A couple of shots from a session for a local metal band. Lemme know what you think!


----------



## jstuedle (Oct 21, 2007)

I shoot bands, a lot. I have had my work used for promo shots as well as entire 10 surface CD jackets. For a promo shot, the labels want to see faces. And a promo shot should have a little of the performers personality show in the shot, even if it's an act. The first shot is OK, but I don't think it conveys anything about the performer. The second IMO has too much foreground, and lacks the face and personality aspect. Like I said, JMHO. An indy label might use them, but I think a major/minor label would want them re-shot.


----------



## Flash Harry (Oct 22, 2007)

No. 1 looks like a garage mechanic and 2 I agree with the above poster, promo shots are supposed to promote the artist/product not obscure them. H


----------



## guitarmy (Oct 22, 2007)

Fair enough. Here's another from the shoot.


----------



## craig (Oct 23, 2007)

I love the second frame as is. I think it is important to throw away our conventional wisdom these days.

Love & Bass


----------



## jstuedle (Oct 23, 2007)

Does the name of the band come into play with the grease monkey look you have created? If not, not sure it works for me.


----------



## guitarmy (Oct 23, 2007)

No the band name doesn't come into play. But their sound sort of does. They're a super heavy band. Lots of dirty tones. Generally not the kind of music that's easily received by the general public. So I wanted to show that by taking the opposite of most band shots you see nowadays - guys with 300 dollar jeans, designer shirts and haircuts worth more than my car payments. I see so many band shots that are super clean, it bothers me. So this is what came of that.


----------



## luis_relampago (Oct 31, 2007)

I am new here and I hope you like my approach on a cover for the band.


----------



## Alpha (Oct 31, 2007)

You could achieve a similar effect without softening the photo so much that it looks out of focus. Perhaps a Dave Hill type post-processing.


----------



## luis_relampago (Nov 1, 2007)

meaby like this?


----------



## guitarmy (Nov 9, 2007)

Not a huge fan of the edits. Seems like you pushed the highlights past their limit, and the swirls don't really do it for me. Seems like more of a graphic design decision than a photographic decision, anyway.


----------



## Alpha (Nov 9, 2007)

I would re-shoot if possible. The guy second from the left just looks too damned goofy.


----------



## cameramike (Nov 10, 2007)

if its for the band you should really consult them on the type of look they want. i know i've done a few live shoots for my friends band and a few posed shots and they let me know what they wanted, doesn't really matter what others think; they are the paying (or non paying) customer.


----------



## guitarmy (Nov 11, 2007)

cameramike: exactly. The process I take is to listen to their music and find out as much about the band as I can. Then I ask them what kinds of promo photos they like (and to provide links or examples). Then I ask them what they have in mind, if anything. Listening to what they have in mind, I offer a couple of suggestions based on their ideas but with some of my spin on them. Then I shoot and deliver, and all the clients have been happy thus far.

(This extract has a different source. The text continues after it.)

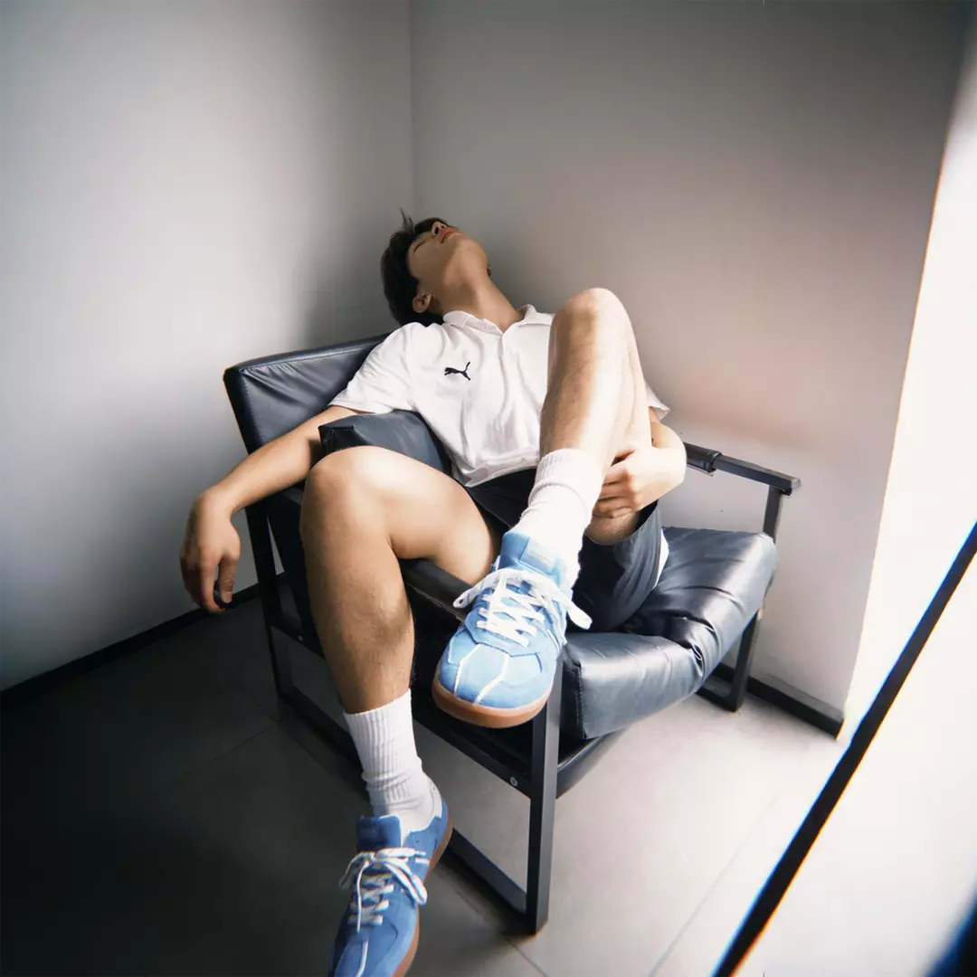 这位小哥哥是偷了阳光来当滤镜的吧!一条腿随意抬高搭在椅子上,手自然垂落……小腿线条流畅,蓝鞋和白袜的搭配又运动又休闲,整个人散发出一种运动后放松的满足感,光影打在脸上是那么纯净的感觉。我长已经脑补出一万字的校园恋爱小说啦!这松弛感也太绝了吧,感觉连空气都在为他心动~

Max: yeah, he looks a little goofy in that shot - agreed. It's not the only shot from the set though, just one that I posted. I won't be reshooting.


----------



## Lisa B (Nov 14, 2007)

guitarmy said:


>




I like this one, but there is too much foreground - If you cropped it a little it would work for me. If you have a similar photo to this one, but with a little more light and facial features, I think you'd be onto something. If they are a dark/heavy band, the other photo with the grease is a little too cheesy pop for me, but that is just my oppinion, and it is only because of the smiles...

I do like your ideas though. They are workable.


----------